▶ **Provided material**
──────────────────────────────

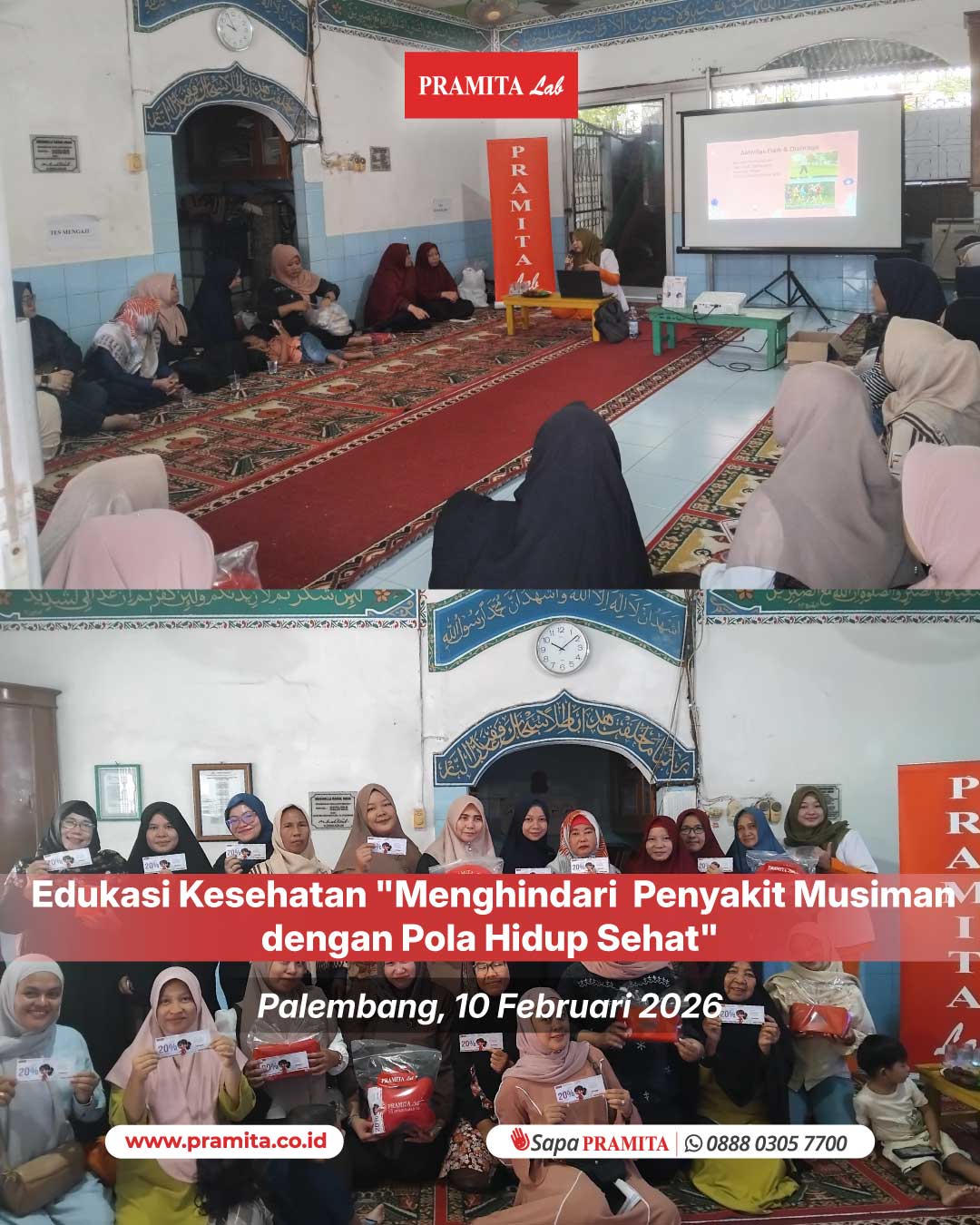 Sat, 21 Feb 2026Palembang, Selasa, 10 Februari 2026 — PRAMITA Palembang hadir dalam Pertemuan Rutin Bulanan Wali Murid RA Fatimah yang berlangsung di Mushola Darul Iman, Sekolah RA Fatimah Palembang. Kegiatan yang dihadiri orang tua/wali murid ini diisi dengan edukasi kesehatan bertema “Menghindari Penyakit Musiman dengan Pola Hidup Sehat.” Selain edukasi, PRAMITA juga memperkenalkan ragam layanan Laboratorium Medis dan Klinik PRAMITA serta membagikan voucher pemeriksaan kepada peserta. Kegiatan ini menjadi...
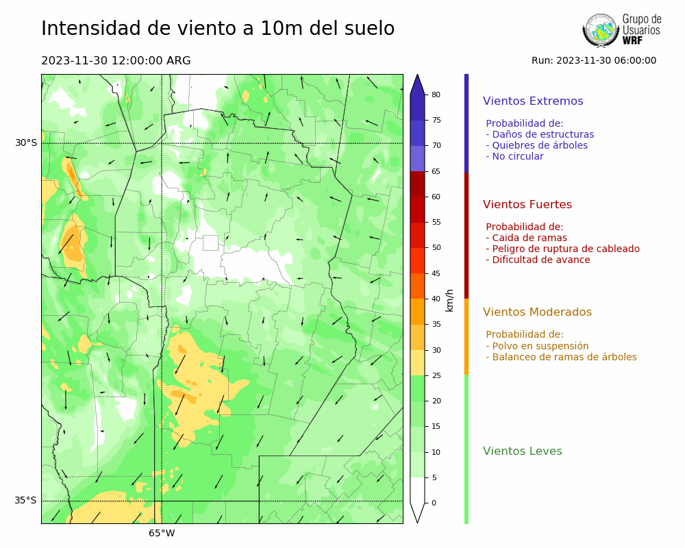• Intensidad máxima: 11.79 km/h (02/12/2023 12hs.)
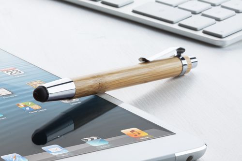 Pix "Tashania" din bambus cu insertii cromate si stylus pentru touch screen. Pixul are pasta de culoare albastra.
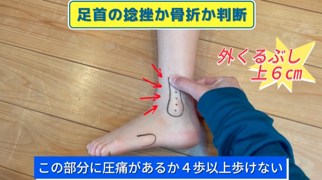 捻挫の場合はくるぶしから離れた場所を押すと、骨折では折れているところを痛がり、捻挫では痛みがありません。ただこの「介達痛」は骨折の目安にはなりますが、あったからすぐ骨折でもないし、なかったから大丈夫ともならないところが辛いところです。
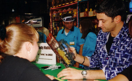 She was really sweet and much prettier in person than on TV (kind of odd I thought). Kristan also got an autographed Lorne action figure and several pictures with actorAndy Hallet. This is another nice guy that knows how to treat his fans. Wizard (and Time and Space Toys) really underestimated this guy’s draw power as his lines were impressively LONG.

──────────────────────────────

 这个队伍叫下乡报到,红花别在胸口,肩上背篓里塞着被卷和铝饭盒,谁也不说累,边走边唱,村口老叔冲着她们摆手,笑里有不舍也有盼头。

──────────────────────────────

▶ **Directions for this task**
The answer is the lines of the material above, from the one containing "Sat, 21 Feb" down to the one containing "She was really", given exactly and without images.

▶ **Answer area**
 Sat, 21 Feb 2026Palembang, Selasa, 10 Februari 2026 — PRAMITA Palembang hadir dalam Pertemuan Rutin Bulanan Wali Murid RA Fatimah yang berlangsung di Mushola Darul Iman, Sekolah RA Fatimah Palembang. Kegiatan yang dihadiri orang tua/wali murid ini diisi dengan edukasi kesehatan bertema “Menghindari Penyakit Musiman dengan Pola Hidup Sehat.” Selain edukasi, PRAMITA juga memperkenalkan ragam layanan Laboratorium Medis dan Klinik PRAMITA serta membagikan voucher pemeriksaan kepada peserta. Kegiatan ini menjadi...
• Intensidad máxima: 11.79 km/h (02/12/2023 12hs.)
 Pix "Tashania" din bambus cu insertii cromate si stylus pentru touch screen. Pixul are pasta de culoare albastra.
 捻挫の場合はくるぶしから離れた場所を押すと、骨折では折れているところを痛がり、捻挫では痛みがありません。ただこの「介達痛」は骨折の目安にはなりますが、あったからすぐ骨折でもないし、なかったから大丈夫ともならないところが辛いところです。
 She was really sweet and much prettier in person than on TV (kind of odd I thought). Kristan also got an autographed Lorne action figure and several pictures with actorAndy Hallet. This is another nice guy that knows how to treat his fans. Wizard (and Time and Space Toys) really underestimated this guy’s draw power as his lines were impressively LONG.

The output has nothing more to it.